DATASET CONTENT:
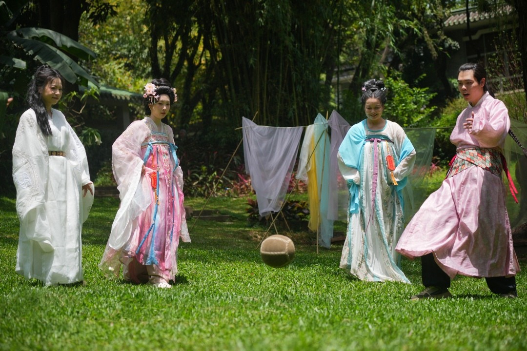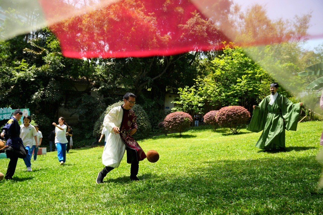 宋人笔下“蹴鞠场边万人看”的热闹,在兰缘盛荟重现。十五运会广州赛区的首项体育比赛——U16女子足球赛将于5月在越秀区举办,越秀区特别策划了“喜迎全运·国潮蹴鞠赛”,开展十五运预热。这场别开生面的国潮蹴鞠赛在兰圃落羽杉大草坪上演,主办方把草坪复原成古代蹴鞠的竞技场景,现场开展技巧展示、白打及对抗友谊赛。
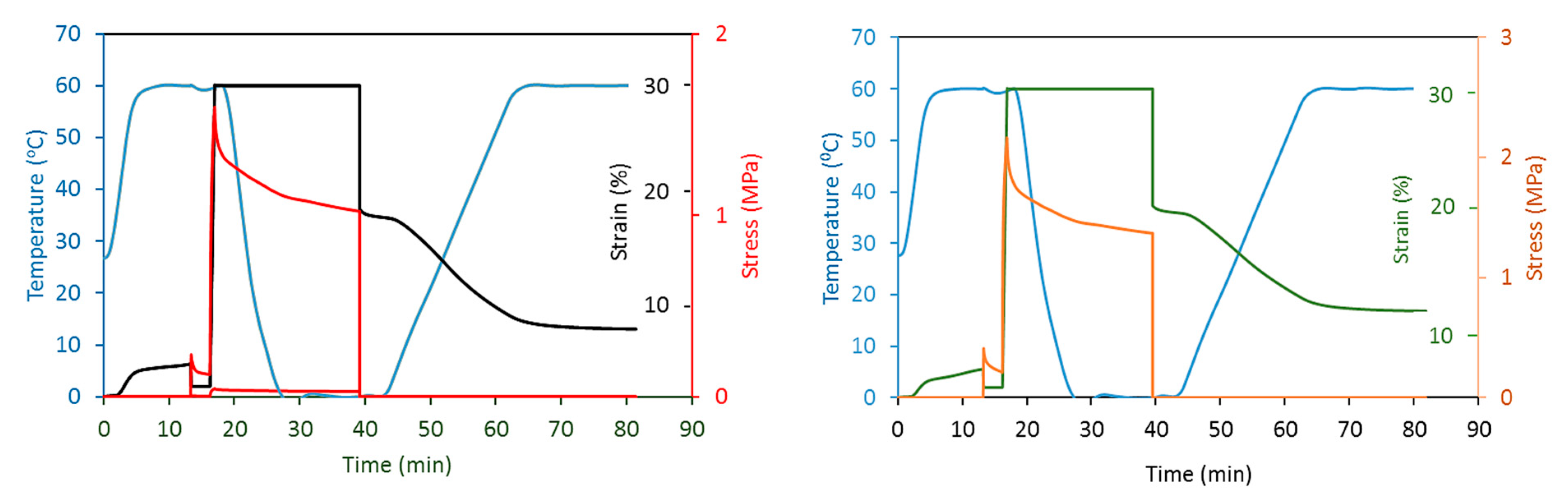 - Chung, T.; Romo-Uribe, A.; Mather, P.T. Two-Way Reversible Shape Memory in a Semicrystalline Network. Macromolecules 2008, 41, 184–192. [Google Scholar] [CrossRef]
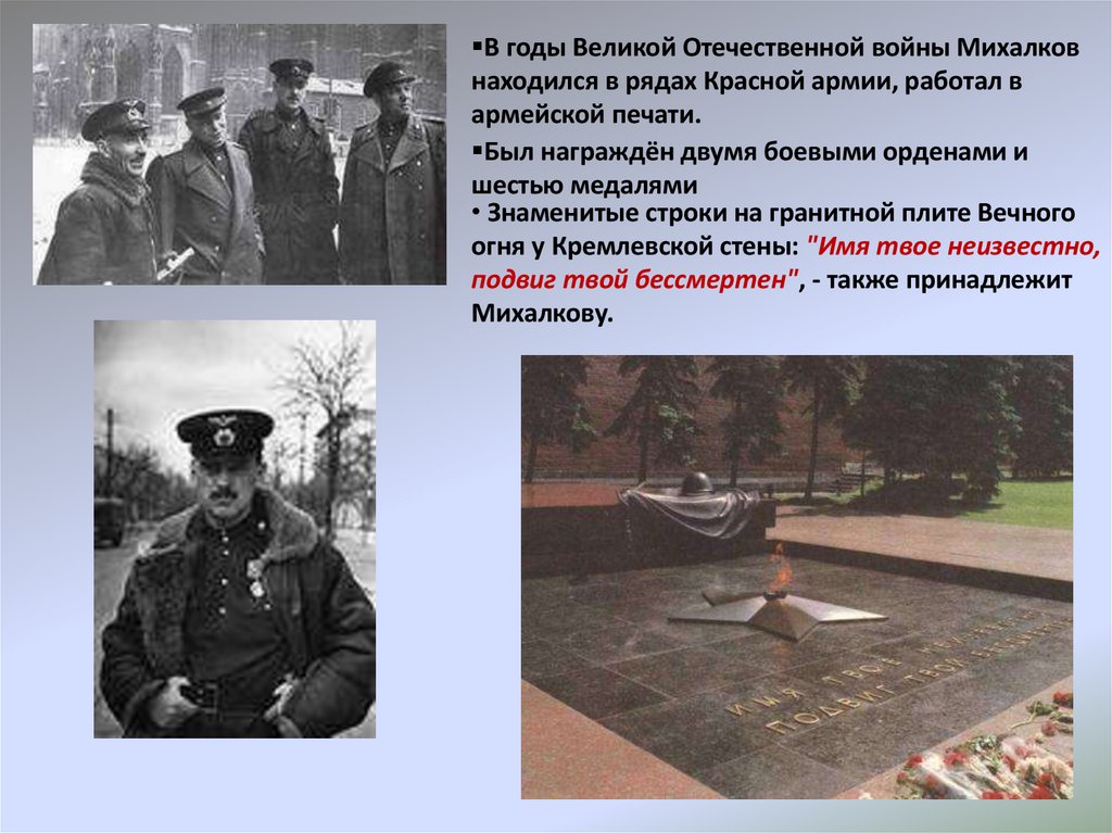 В годы Великой Отечественной войны Михалковнаходился в рядах Красной армии, работал в
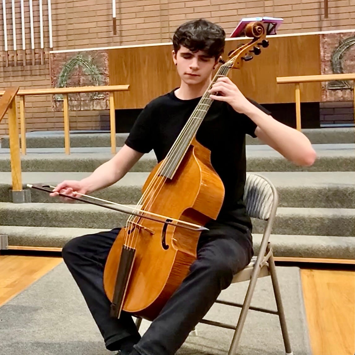 Although this student enjoys the historical repertoire that comes with the viol, he doesn’t want to be limited to it. In the spring he composed this ravishing tango. I can take no credit whatsoever; he honed his ear and his compositional skill in other areas of his musical life. But I was delighted and grateful that our lessons had turned out to be a hospitable space for him to follow some of his own ideas and desires. I didn’t yet know how to imagine that possibility in our initial violin years. I was focused on doing what I always did: trying in more and less creative ways to move a little kid through my agendas about beginner technique and practice habits. Having been through that rodeo many times, I feel confident saying that a great majority of students do seem to benefit from front-loading those foundational skills, even when it takes a lot of time and patience. But it’s clearer to me now that most doesn’t mean all, and that a student’s own ideas and direction might turn out to be more marvelous than anything I could have envisioned.

PROBLEM: Leave the pictures out and copy exactly the lines from the one that holds "- Chung, T.;" through the last line of the material.

RESULT OF THE TASK:
 - Chung, T.; Romo-Uribe, A.; Mather, P.T. Two-Way Reversible Shape Memory in a Semicrystalline Network. Macromolecules 2008, 41, 184–192. [Google Scholar] [CrossRef]
 В годы Великой Отечественной войны Михалковнаходился в рядах Красной армии, работал в
 Although this student enjoys the historical repertoire that comes with the viol, he doesn’t want to be limited to it. In the spring he composed this ravishing tango. I can take no credit whatsoever; he honed his ear and his compositional skill in other areas of his musical life. But I was delighted and grateful that our lessons had turned out to be a hospitable space for him to follow some of his own ideas and desires. I didn’t yet know how to imagine that possibility in our initial violin years. I was focused on doing what I always did: trying in more and less creative ways to move a little kid through my agendas about beginner technique and practice habits. Having been through that rodeo many times, I feel confident saying that a great majority of students do seem to benefit from front-loading those foundational skills, even when it takes a lot of time and patience. But it’s clearer to me now that most doesn’t mean all, and that a student’s own ideas and direction might turn out to be more marvelous than anything I could have envisioned.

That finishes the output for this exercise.